Something that you can do is to have a lateral dataset containing a boolean value, telling you which values are "alive" and which ones have been removed. This does not make the file smaller, but at least it gives you a fast way to perform deletion.
An alternative is to define a slab on your array, copy the relevant data, then delete the old array, or always access the data through the slab, and then redefine it as you need (I've never done it, though, so I'm not sure if it's possible, but it should)
Finally, you can use the hdf5 mounting strategy to have your datasets in an "attached" hdf5 file you mount on your root hdf5. When you want to delete the stuff, copy the interesting data in another mounted file, unmount the old file and remove it, then remount the new file in the proper place. This solution can be messy (as you have multiple files around) but it allows you to free space and to operate only on subparts of your data tree, instead of using the repack.

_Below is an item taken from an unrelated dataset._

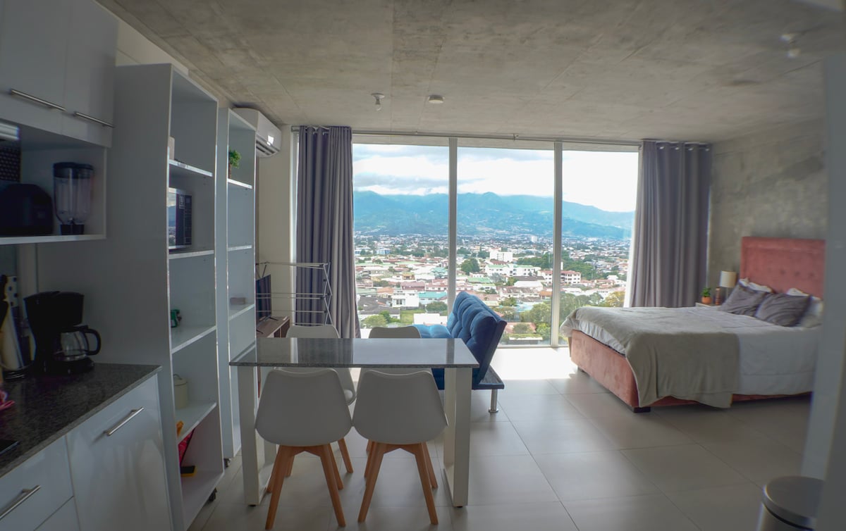 El espacio es muy cómodo ya que está equipado con utensilios de cocina, mesa de trabajo, wifi, tv, aire acondicionado, sillón individual, sillón para dos personas, estantes, closets, etc que lo hacen muy acogedor. Además cuenta con un balcón con puertas corredizas que permite disfrutar de hermosas vistas hacia San José y montañas, atardeceres increíbles y aire fresco. La mayor parte de las calificaciones destacan la limpieza del espacio, algo que particularmente nos preocupamos en ofrecer.

不幸的是,复制数据或使用您所描述的 h5repack 是“缩小”HDF5 文件中数据的两种常用方法。
正如您可能已经猜到的那样,问题在于 HDF5 文件具有复杂的内部结构(文件格式为 这里,对于任何好奇的人来说),因此删除和缩小内容只会在相同大小的文件中留下漏洞。 HDF5 库的最新版本可以跟踪释放的空间并重新使用它,但您的用例似乎无法利用这一点。
正如另一个答案所提到的,您也许可以使用外部链接或虚拟数据集功能来构建 HDF5 文件,这些文件更适合您将要做的操作,但我怀疑您仍然会复制很多数据,这肯定会增加额外的复杂性和文件管理开销。
顺便说一句,H5Gunlink() 已被弃用。 H5Ldelete() 是首选替代品。
Copying the data or using h5repack as you have described are the two usual ways of 'shrinking' the data in an HDF5 file, unfortunately.
The problem, as you may have guessed, is that an HDF5 file has a complicated internal structure (the file format is here, for anyone who is curious), so deleting and shrinking things just leaves holes in an identical-sized file. Recent versions of the HDF5 library can track the freed space and re-use it, but your use case doesn't seem to be able to take advantage of that.
As the other answer has mentioned, you might be able to use external links or the virtual dataset feature to construct HDF5 files that were more amenable to the sort of manipulation you would be doing, but I suspect that you'll still be copying a lot of data and this would definitely add additional complexity and file management overhead.
H5Gunlink() has been deprecated, by the way. H5Ldelete() is the preferred replacement.